Внимание! Книга может содержать контент только для совершеннолетних. Для несовершеннолетних чтение данного контента СТРОГО ЗАПРЕЩЕНО! Если в книге присутствует наличие пропаганды ЛГБТ и другого, запрещенного контента - просьба написать на почту [email protected] для удаления материала
Эмилий Миндлин
ДВЕ ФАНТАСТИЧЕСКИЕ ПОВЕСТИ
Сборник фантастических произведений
Начало романа «Возвращение доктора Фауста»
Глава первая
Разочарование доктора Фауста и новый образ жизни его
Когда мысль доктора Фауста достигла вершины человеческих знаний, однажды вечером — когда не было еще огня в комнате — пришло в голову ему, что — ничто его знания перед непроницаемой тайной, в окружении которой провел он шестьдесят лет — семьсот двадцать месяцев — своей безрезультатной жизни. Сердце его преисполнилось тревогой и ум сомнениями. Он не зажигал огня и предпочел (натыкаясь на предметы, не замечая, впрочем) шагать по комнате — из угла в угол, припоминая подробности почти исчерпанной жизни, подводя итоги (столь внушительные!) многообразным и глубоким знаниям, которые тщательно и прилежно собирал, уподобляясь пчеле над цветком, и ум — улью уподобляя, — в течение продолжительных дней своих. Он не привык бережно копить дни эти, но, как песок просыпал меж пальцев драгоценные, единственные мгновенья — одним увлеченный, одному способный отдаться видению: как раскрывается — веер в руках Вечности — тайна преодолеваемая мирозданья; как все четче и четче определяется видимость мира в глазах его, как умудряется душа и озаряется опыт, когда утучняются дни знаниями.
И вот вечер, когда вспыхнула в черном зеркале звезда (через окно — лучом), подумалось ему, что не было видения подлинной и, в себе самой, единственно правильной картины мира, но была обманность, обманность (о, горестное сомнение героя!), ложь многократно — трижды или тысячу раз, — поощренная знанием.
Но что есть знание?
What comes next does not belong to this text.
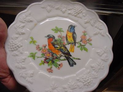 VINTAGE WESTMORELAND MILK GLASS GRAPE BIRD PLATE 81/2"

Что можно знать о причине этой быстротекущей смены явлений, миров, систем?.. Нет смены законов. Но что можно знать о законах?
Он почувствовал явственно, реально, в ужасе, что ничего не знает, что по-прежнему — как и в детстве (лужайка, игры, дом и мать с белыми булками) недвижна, нетронута тайна — неизбывно тревожное пребывание в продолжительном окружении ее.
Он оставил все книги, над которыми склонялся в бесшумные вечера эти, мензурки и пробирки свои, ланцеты, которыми вскрывал покорных, с грустными глазами животных, микроскопы и многочисленные сложнейшие аппараты и приборы для проявления сложного и многообразного мира.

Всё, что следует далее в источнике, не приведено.